* [Your goal]: Your reply should be the whole listing, copied exactly, with the pictures left out.

* [Material provided]:
----

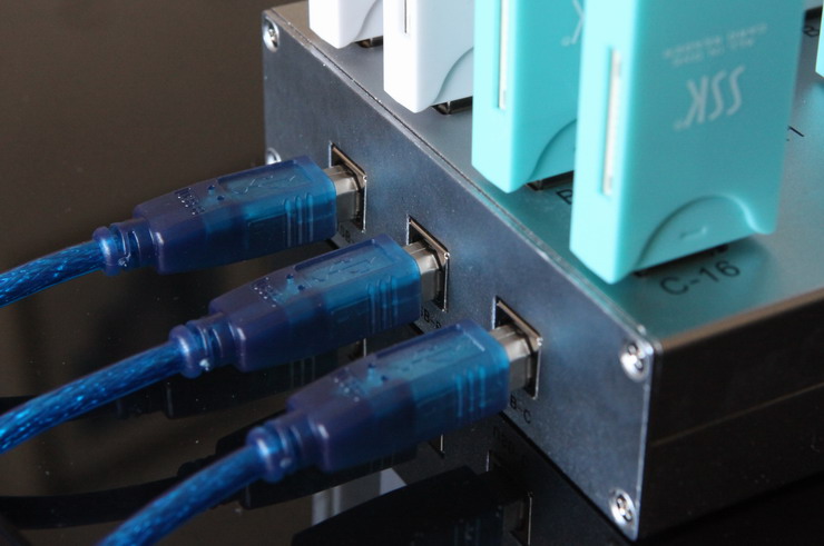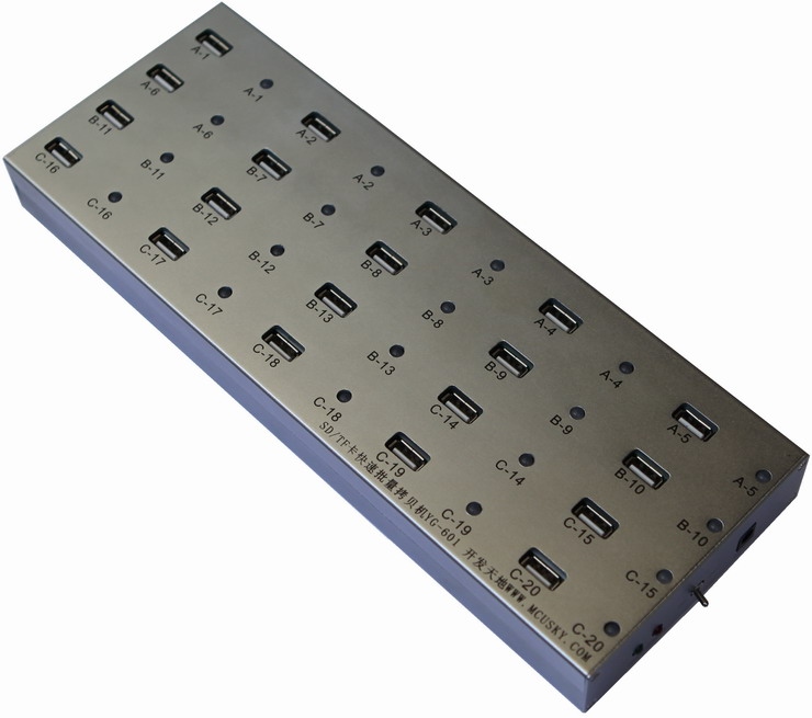 本机提供20个USB 2.0接口,可以外插20个读卡器,每个口有独立的指示灯,有外接电源供电,连接到电脑USB口,由电脑软件控制拷贝过程,最多支持20张卡同时拷贝,适用于工厂对大批量SD卡或其他存储卡进行资料拷贝,比如MP3、媒体播放器、
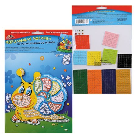 В наборе детская мозаика есть самоклеющиеся детали для создания картинки. Всего есть 12 видов картинок, которые получаются в результате творчества. Рекомендуемый возраст: от 4-х лет.
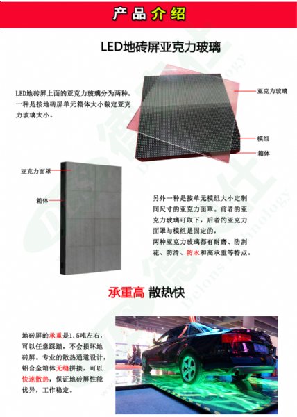 地砖屏做为一种新型舞台显示设备广泛用于-酒店-酒吧-婚庆-大型演唱会活动主题公园,LED地砖屏采用优质进口SMD3535超高亮半导体

----

* [Answer for this exercise]:
 本机提供20个USB 2.0接口,可以外插20个读卡器,每个口有独立的指示灯,有外接电源供电,连接到电脑USB口,由电脑软件控制拷贝过程,最多支持20张卡同时拷贝,适用于工厂对大批量SD卡或其他存储卡进行资料拷贝,比如MP3、媒体播放器、
 В наборе детская мозаика есть самоклеющиеся детали для создания картинки. Всего есть 12 видов картинок, которые получаются в результате творчества. Рекомендуемый возраст: от 4-х лет.
 地砖屏做为一种新型舞台显示设备广泛用于-酒店-酒吧-婚庆-大型演唱会活动主题公园,LED地砖屏采用优质进口SMD3535超高亮半导体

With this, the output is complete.